───── PROVIDED ENTRIES ─────

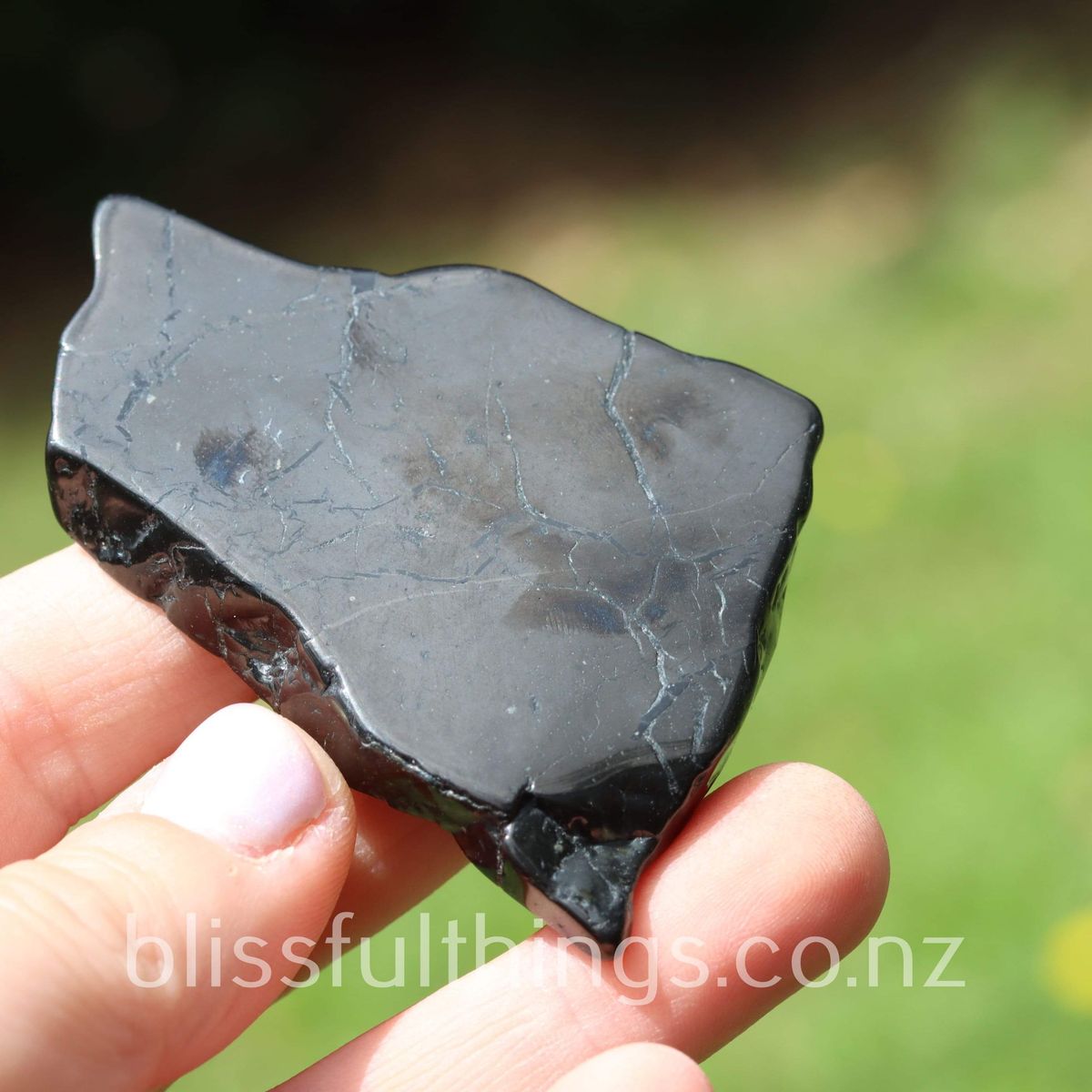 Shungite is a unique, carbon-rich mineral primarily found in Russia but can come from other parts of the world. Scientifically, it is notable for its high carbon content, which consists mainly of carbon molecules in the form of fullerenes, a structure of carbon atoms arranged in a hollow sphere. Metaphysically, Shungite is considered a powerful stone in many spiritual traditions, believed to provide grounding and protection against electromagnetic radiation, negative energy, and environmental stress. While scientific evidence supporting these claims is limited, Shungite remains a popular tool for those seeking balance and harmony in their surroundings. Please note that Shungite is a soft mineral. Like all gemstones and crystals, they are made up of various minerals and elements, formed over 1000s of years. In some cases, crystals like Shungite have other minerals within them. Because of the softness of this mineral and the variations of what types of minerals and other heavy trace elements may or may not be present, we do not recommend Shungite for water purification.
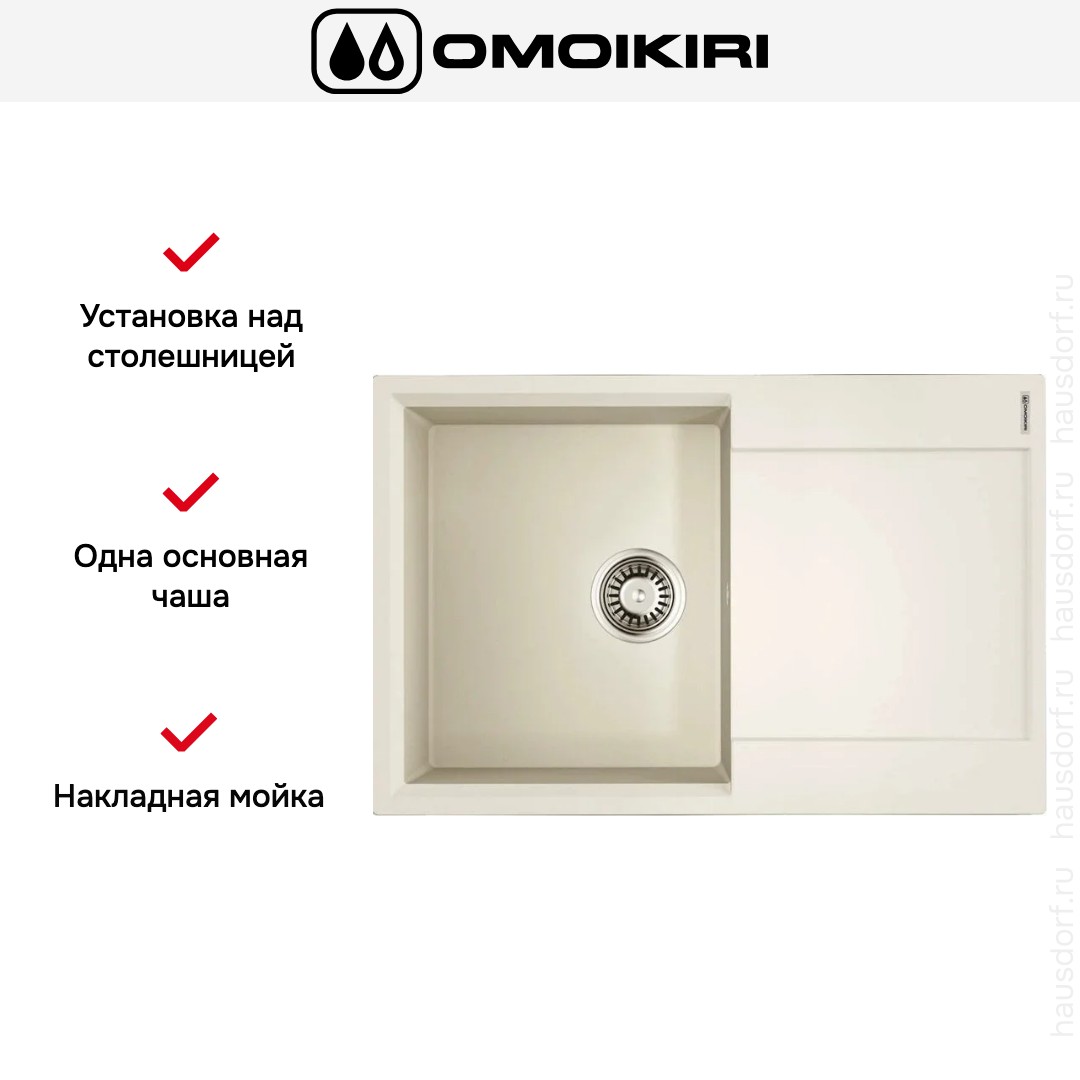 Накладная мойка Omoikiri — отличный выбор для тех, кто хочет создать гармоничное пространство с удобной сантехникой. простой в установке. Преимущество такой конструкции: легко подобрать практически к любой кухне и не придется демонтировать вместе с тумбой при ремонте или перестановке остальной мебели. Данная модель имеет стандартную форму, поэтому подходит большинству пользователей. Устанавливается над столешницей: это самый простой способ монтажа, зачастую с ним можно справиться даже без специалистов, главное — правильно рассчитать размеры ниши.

─────
───── PROVIDED ENTRIES ─────

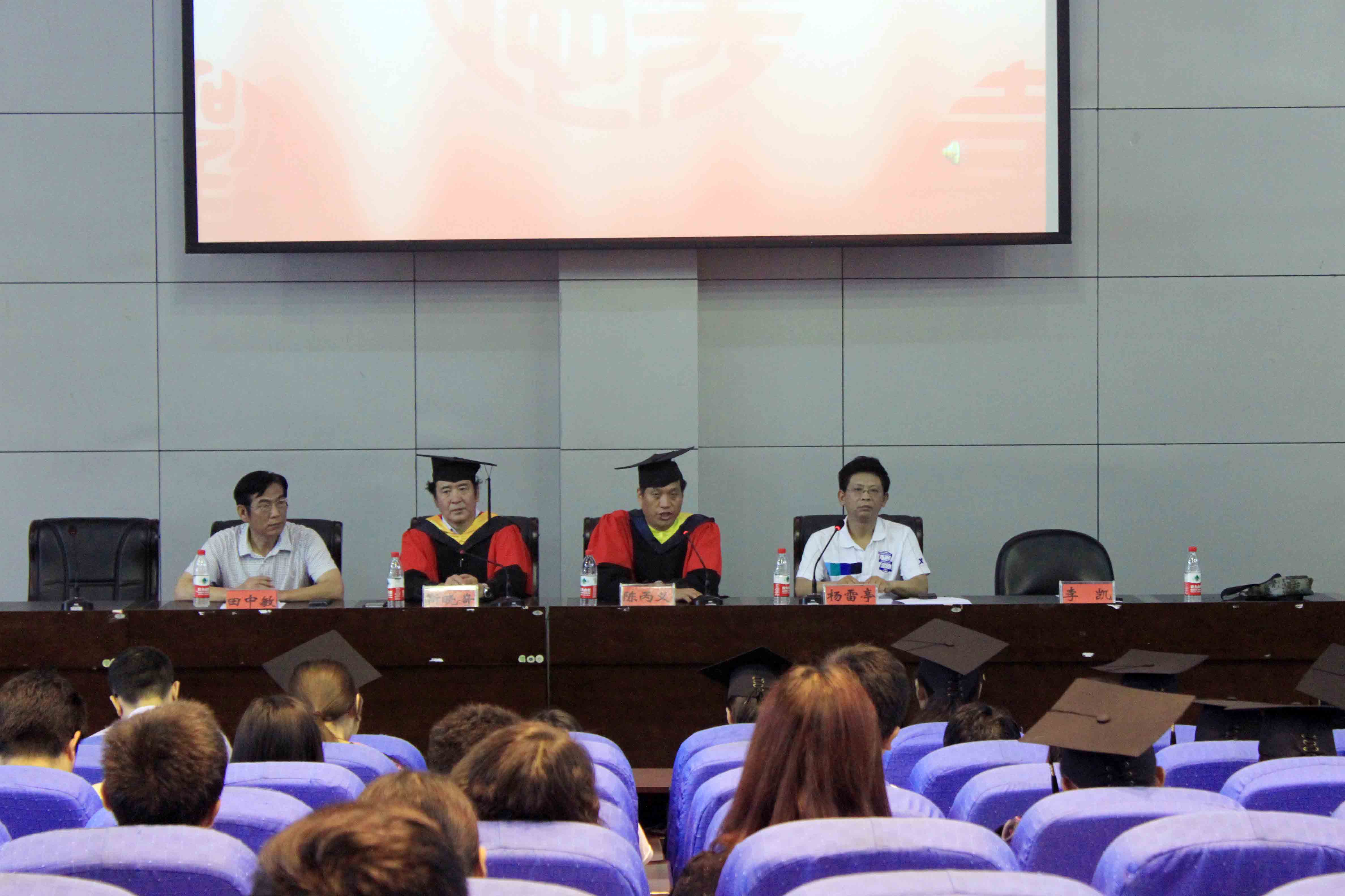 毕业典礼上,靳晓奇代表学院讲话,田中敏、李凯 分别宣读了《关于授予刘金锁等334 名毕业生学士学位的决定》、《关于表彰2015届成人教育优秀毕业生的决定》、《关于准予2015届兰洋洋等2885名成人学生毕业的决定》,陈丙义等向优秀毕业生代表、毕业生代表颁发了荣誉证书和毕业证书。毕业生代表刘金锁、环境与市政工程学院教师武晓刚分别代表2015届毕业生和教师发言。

─────

* **EXERCISE**: Above are the records; copy from them only the lines starting at the one containing "Shungite is a unique, carbon-rich" and ending at the one containing "Накладная мойка Omoikiri", exactly and without pictures.

* **OUTPUT OF THE TASK**:
 Shungite is a unique, carbon-rich mineral primarily found in Russia but can come from other parts of the world. Scientifically, it is notable for its high carbon content, which consists mainly of carbon molecules in the form of fullerenes, a structure of carbon atoms arranged in a hollow sphere. Metaphysically, Shungite is considered a powerful stone in many spiritual traditions, believed to provide grounding and protection against electromagnetic radiation, negative energy, and environmental stress. While scientific evidence supporting these claims is limited, Shungite remains a popular tool for those seeking balance and harmony in their surroundings. Please note that Shungite is a soft mineral. Like all gemstones and crystals, they are made up of various minerals and elements, formed over 1000s of years. In some cases, crystals like Shungite have other minerals within them. Because of the softness of this mineral and the variations of what types of minerals and other heavy trace elements may or may not be present, we do not recommend Shungite for water purification.
 Накладная мойка Omoikiri — отличный выбор для тех, кто хочет создать гармоничное пространство с удобной сантехникой. простой в установке. Преимущество такой конструкции: легко подобрать практически к любой кухне и не придется демонтировать вместе с тумбой при ремонте или перестановке остальной мебели. Данная модель имеет стандартную форму, поэтому подходит большинству пользователей. Устанавливается над столешницей: это самый простой способ монтажа, зачастую с ним можно справиться даже без специалистов, главное — правильно рассчитать размеры ниши.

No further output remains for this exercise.